* **Task to carry out**
Using the data that follows, give again word for word the lines between the one holding "Itsenäisyyspäivä Patriottinen Naisten" and the one holding "또 다른 사진에서는 블랙", inclusive. Omit the pictures.
---------- Collected data
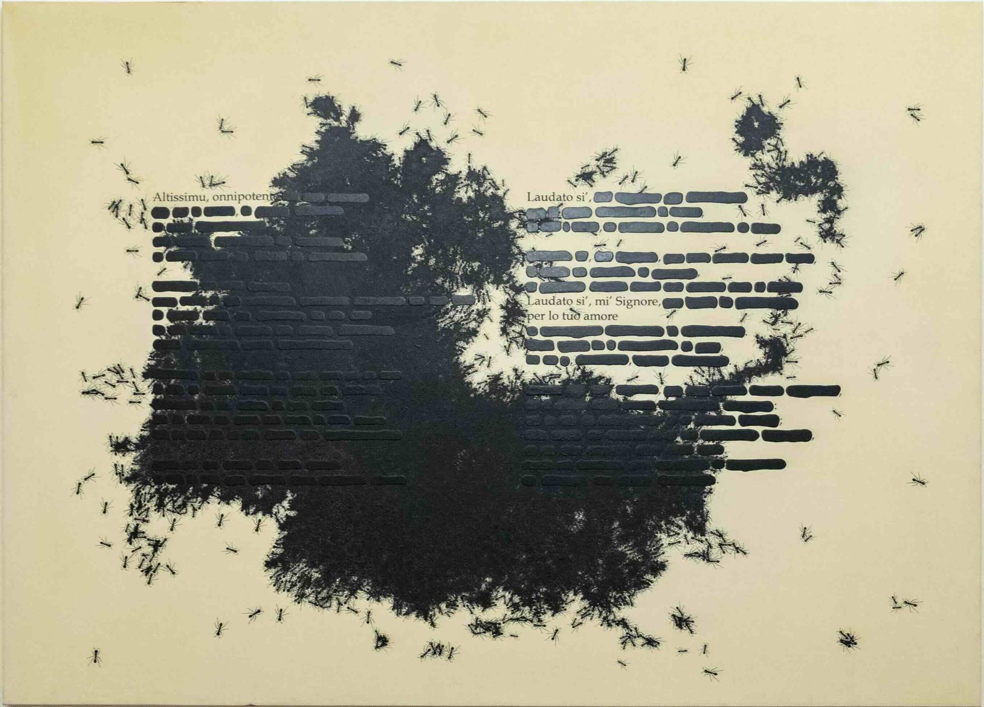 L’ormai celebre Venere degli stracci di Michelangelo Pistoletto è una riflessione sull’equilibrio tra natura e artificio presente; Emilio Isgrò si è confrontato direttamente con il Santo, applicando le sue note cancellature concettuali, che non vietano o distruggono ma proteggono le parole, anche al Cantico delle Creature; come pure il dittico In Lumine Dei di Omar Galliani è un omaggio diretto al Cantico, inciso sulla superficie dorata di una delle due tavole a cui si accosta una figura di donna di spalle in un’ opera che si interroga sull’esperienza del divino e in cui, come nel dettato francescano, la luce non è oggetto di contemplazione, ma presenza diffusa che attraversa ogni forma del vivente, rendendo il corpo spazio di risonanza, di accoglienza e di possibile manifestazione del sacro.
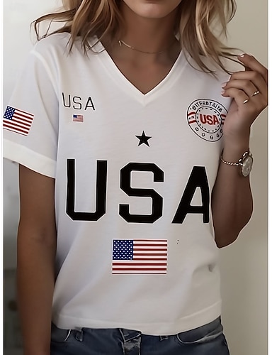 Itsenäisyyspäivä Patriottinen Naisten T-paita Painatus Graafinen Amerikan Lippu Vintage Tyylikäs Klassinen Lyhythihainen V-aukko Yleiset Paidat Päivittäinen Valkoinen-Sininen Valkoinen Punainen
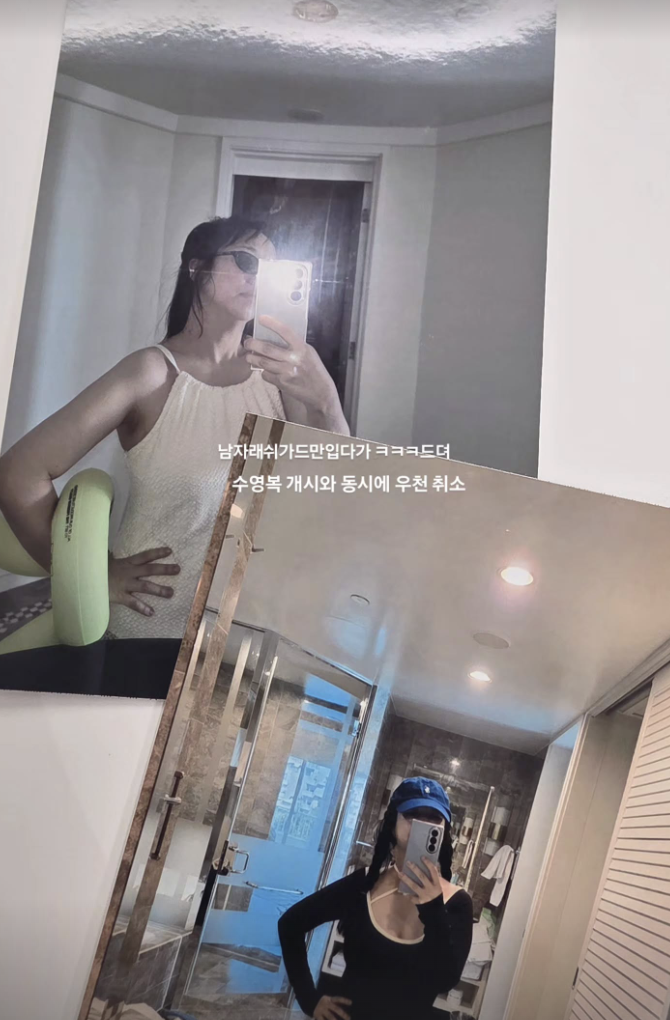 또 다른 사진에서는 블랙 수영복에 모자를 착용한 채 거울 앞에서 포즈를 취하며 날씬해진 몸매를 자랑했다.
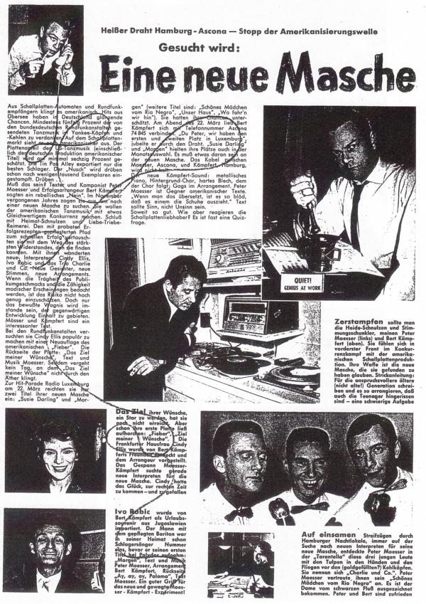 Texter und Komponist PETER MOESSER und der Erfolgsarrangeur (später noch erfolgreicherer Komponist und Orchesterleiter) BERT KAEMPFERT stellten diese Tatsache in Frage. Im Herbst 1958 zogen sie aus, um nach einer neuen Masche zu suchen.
--------------------
* **Output for this task**
 Itsenäisyyspäivä Patriottinen Naisten T-paita Painatus Graafinen Amerikan Lippu Vintage Tyylikäs Klassinen Lyhythihainen V-aukko Yleiset Paidat Päivittäinen Valkoinen-Sininen Valkoinen Punainen
 또 다른 사진에서는 블랙 수영복에 모자를 착용한 채 거울 앞에서 포즈를 취하며 날씬해진 몸매를 자랑했다.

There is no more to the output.